Don’t Air Dry Your Dental Adhesive [What is the Oxygen Inhibited Layer]

In this article, I’ll explain why you shouldn’t air dry your dental adhesive (“bonding agent”) prior to curing it. In order to explain why these adhesives shouldn’t be air-dried, I’ll also describe the oxygen inhibited layer (OIL). Please note, this article is written with regard to fourth and sixth generation gold-standard adhesives (like Optibond FL, Clearfil SE and Clearfil SE protect). Universal adhesives have a solvent in them which require you to air dry it. That being said, even if you are not using a fourth or sixth generation adhesive, this article is still highly relevant. Ready to nerd out with me?

To begin lets first acknowledge that dental composite is cured through a radical polymerization reaction.

However, free radicals, like the oxygen found in room air, prevent a thorough polymerization reaction from taking place. This means that the top-most layer of dental composites have a layer of uncured monomers. The literature reports this layer is anywhere from 4 μm- 53 μm thick.

Just to put that into perspective, the OIL is about half the thickness of a sheet of paper – its hard to believe something that thin is so impactful.

Moving along. Grossman found that the average adhesive thickness for Optibond FL is 221 μm. When an adhesive is air thinned, it can easily be thinned to the extent that it is only 10-50 μm thick.

Why is an adhesive thickness of 10-50 μm so problematic? Because that means the only thing left of the adhesive layer is the air inhibited layer, which will not adequately cure.

Now, Rueggeberg and Margeson reported that the OIL has some limited capability to undergo polymerization (aka cure), but its unsatisfactory for dental bonding.

So, in effect, air thinning the adhesive layer will cause an inadequate bond between the dentin and adhesive layer and may result in failure.

What should you do in the event you have excessive pooling of the bonding agent? Next time you’re thinking of air drying your dental adhesive, simply wick it away with a micro-brush.

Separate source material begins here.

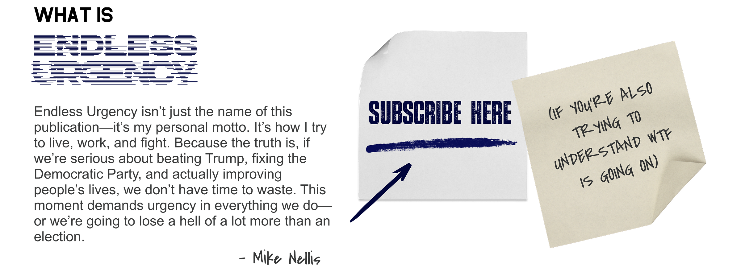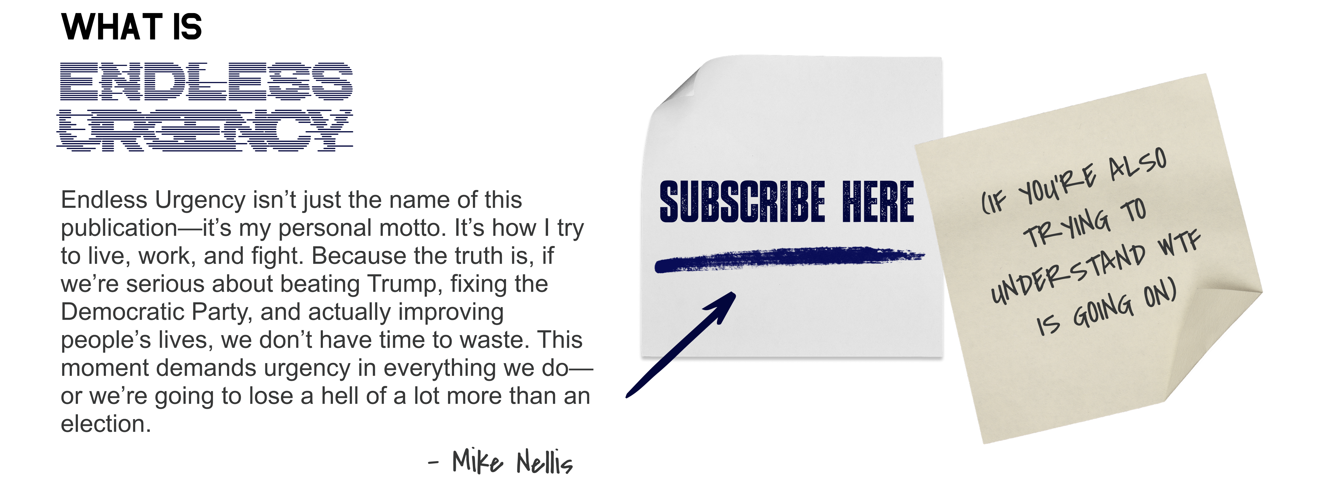 My name is Mike Nellis and I’ve spent two decades in Democratic politics—serving as a Senior Advisor to Vice President Kamala Harris for many years before she became Vice President and helping leaders like Adam Schiff, Gretchen Whitmer, Jon Tester, and Lauren Underwood win elections. I’ve raised over a billion dollars online for campaigns and causes, built one of the top social impact agencies in the country, and seen firsthand how broken—and how fixable—our government and the Democratic Party are. Endless Urgency is where I bring all of that experience together without the filters, the bullshit, or the excuses. This is about fighting harder, leading smarter, and building something that actually improves people’s lives.

P.S. I hope this article was helpful! I love geeking out and I’m glad you could join me. Do you need dental continuing education hours? Dental Digest would like to help! Did you know we made it possible for you to earn dental continuing education through our dental podcast? Click here to get started!

To learn more about bonding and immediate dentin sealing, click here.

Resources and References:

Bijelic-Donova J, Garoushi S, Lassila LV, Vallittu PK. Oxygen inhibition layer of composite resins: effects of layer thickness and surface layer treatment on the interlayer bond strength. Eur J Oral Sci. 2015 Feb;123(1):53-60. doi: 10.1111/eos.12167. Epub 2014 Dec 31. PMID: 25556290.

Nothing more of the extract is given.